Positivos en las reacciones enzimáticas de catalasa, DNAsa, estafilocoagulasa y
fosfatasa alcalina. Resistentes a la
polimixina B y sensibles a la novobiocina (25).
- Streptococcus agalactiae: Cocos
Gram-positivos en cadenas, formadores de colonias pequeñas, translúcidas con un
pequeño halo de β- hemolisis, carentes de la enzima catalasa, con capacidad para
hidrolizar el hipurato y productor de la proteína extracelular difusible o factor
CAMP (26).
Espectros por Resonancia Magnética
Nuclear protónica (+HRMN).
Procesamiento de los datos.
Los
espectros en una sola dimensión fueron adquiridos a través del programa TOPSPIN
versión 1,3. Posteriormente fueron procesados mediante
el programa MatNMR V.3.90 que funciona bajo Matlab The MathWorks Inc,
versión v. 7.5.0.342 (R2007b).
Para el análisis
de los espectros de resonancia magnética nuclear se utilizó el programa matNMR
v. 2.7, software de distribución libre, desarrollado por Jacco van Beek (28),
utilizando el ambiente MATLAB ®
The MathWorksâ„¢ Inc,
versión v. 7.5.0.342 (R2007b), el cual permite el procesamiento de
espectros de 1 y 2 dimensiones, ajuste de picos espectrales, ajuste de T1
y permite además un despliegue gráfico adecuado para la comparación de los
espectros.
Asignación de la señal
El procedimiento para establecer una
comparación de los espectros fue el siguiente: Se tomó como referencia común el
pico correspondiente al agua (4,6 ppm) y en base a esto, se transforman los
espectros para las diferentes muestras a fin de tener la mayoría de los
picos comunes alineados. Seguidamente, cada espectro corregido fue
guardado y posteriormente se obtuvo el promedio de 10 cepas para cada una de
las especies bacterianas. Una vez
normalizados los espectros se realizaron las comparaciones correspondientes
entre las especies (28).
Los
espectros +HRMN de cada
uno de los cultivos bacterianos, así como los del caldo
infusión-cerebro-corazón (CICC), se obtuvieron en las regiones de 0 a 10 ppm. Los espectros se recortaron para facilitar la
observación de las similitudes y diferencias entre las señales. De ellas, se destacaron principalmente las
que contribuyen en la diferenciación de las bacterias entre si y del medio de
cultivo.
La figura 1, muestra la ventana desde 0,5 ppm hasta 2,7 ppm de la región alifática
de los espectros +HRMN promedio de 10 cepas de cada una de las
especies bacterianas en cultivo, así como el del CICC. En el punto A(1) del espectro de los cultivos de S. agalactiae, destacan señales
con desplazamiento químico de 0,98; 1,00; 1,01;
1,04 y 1,06 ppm, con intensidades de 0,00018; 0,00011; 0,00026; 0,00039 y 0,00031 respectivamente. En el punto B(1) del espectro de los cultivos de S. aureus, se destacan señales con desplazamiento químico
de:0,97; 0,99; 1,01; 1,03; 1,06 ppm con
intensidades de 0,00026; 0,00032; 0,0006; 0,00105 y
0,00074 respectivamente. En el punto C(1) del espectro de los cultivos de K. pneumoniae, se
destacan cuatro señales de:0,98; 1,00; 1,03; 1,05 ppm, con intensidades de
0,00161; 0,00166; 0,00163 y 0,00095
respectivamente. En el punto D(1), del
espectro del caldo infusión cerebro-corazón no se observan señales.
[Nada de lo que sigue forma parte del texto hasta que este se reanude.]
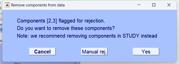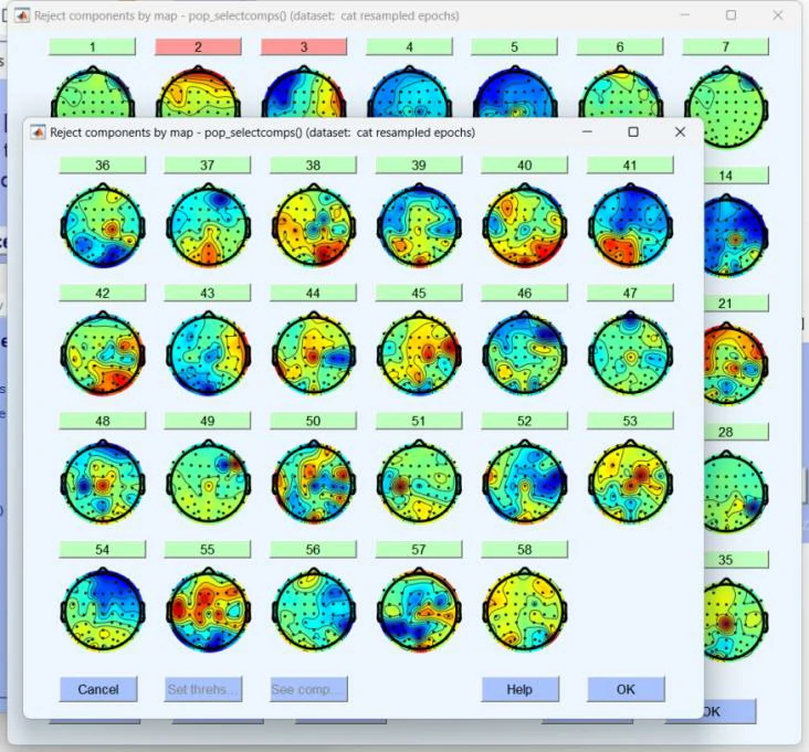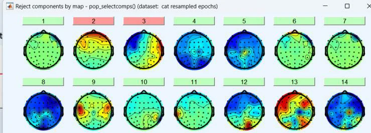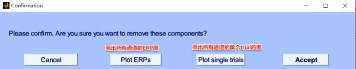 这一步需要对每一个成分进行查看和判断,然后将想要剔除的成分先标记起来。ICA可以进行眼电伪迹,肌电伪迹,坏导伪迹以及心电伪迹等的辨识与剔除,但是此处我们只进行眼电伪迹的剔除,我们将第2个成分和第3个成分标记起来,标记了的成分数会变成红色。然后点OK。此时还没有进行剔除操作。

En el punto B(2) de esta misma figura, aparece una señal de 2,27 ppm con
0,00053 de intensidad. En C(2) aparece una señal de 2,27 ppm con intensidad 0,00221. En A(2)
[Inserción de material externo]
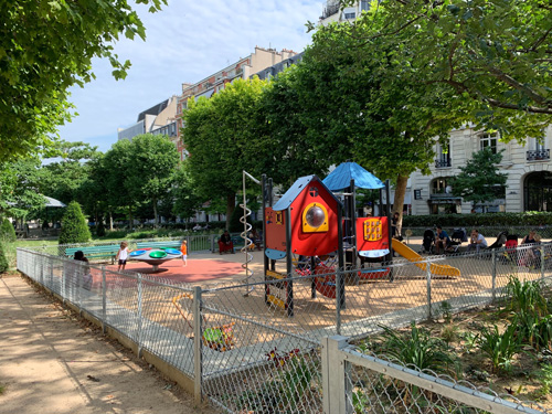 ▲公園の中の小さな子供遊具スペースはさらに柵で囲まれている。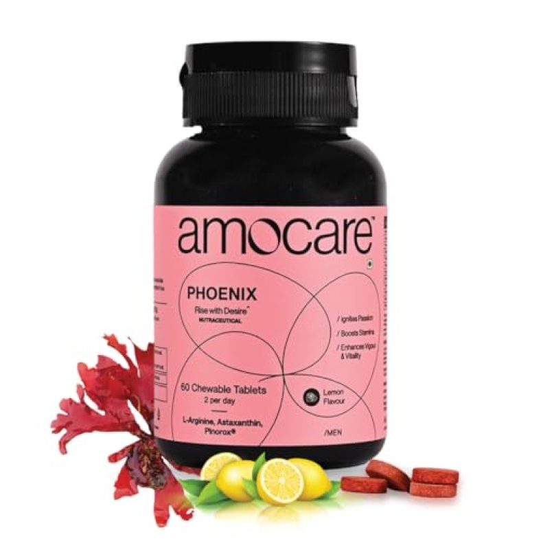 Amocare Phoenix Chewable Tablets For Men | Boosts Stamina And Vitality | Lemon Flavour | Branded Pine Bark Extract | L-Arginine, Astaxanthin, Pinorox | 100% Veg | 60 Tablets

y D(2), no aparece esta señal.
La figura 2, muestra la ventana desde 2,7 ppm
hasta 4,0 ppm de la región alifática, de los
espectros +HRMN promedio de 10 cepas de cada una de las especies
bacterianas, así como el del CICC. En
ella se observa que en el punto A (1), correspondiente al espectro de los
cultivos de S. agalactiae aparece 1 señal de 3,08 ppm con intensidad de 0,00035
ppm. En C (1) correspondiente al
espectro de los cultivos de K. pneumoniae se destaca una señal en 3,08
ppm con 0,00033 de intensidad, la cual no aparece en B(1) ni en D(1). En A(2) se evidencian dos señales de 3,50 y
3,52 ppm con intensidades de 0,00054 y 0,00065.
En B(2) destacan dos señales de 3,50 y 3,52 ppm con intensidades de
0,0011 y 0,0012. En C(2), aparecen
señales de 3,51 y 3,53 ppm, con intensidades de 0,00092 y 0,00095
respectivamente. En D(2) no se observan
estas señales.
En el
punto A(3), se destacan 4 señales: 3,92; 3,94; 3,96 y 3,99 ppm con intensidades
de 0,00115; 0,00104; 0,00168 y 0,00173 respectivamente. En B(3),
se observan 4 señales: 3,91; 3,94; 3,96 y 3,98 ppm, con intensidades de 0,0005;
0,00082; 0,00147 y 0,00155 respectivamente.
En C(3) ni en D(3) se observan estas señales.
La
figura 3, muestra la ventana desde 6,5 hasta 9,0 ppm de la región aromática, de
los espectros +HRMN promedio de 10 cepas de cada una de las especies
bacterianas, así como el del CICC. En
ella se observa en el punto 1 de los 4 espectros una señal con desplazamiento
químico de 8,35 ppm e intensidades de 0,03447 (A), 0,0180 (B), 0,010 (C) y 0,00276 (D). En esta ventana las señales
son escasas.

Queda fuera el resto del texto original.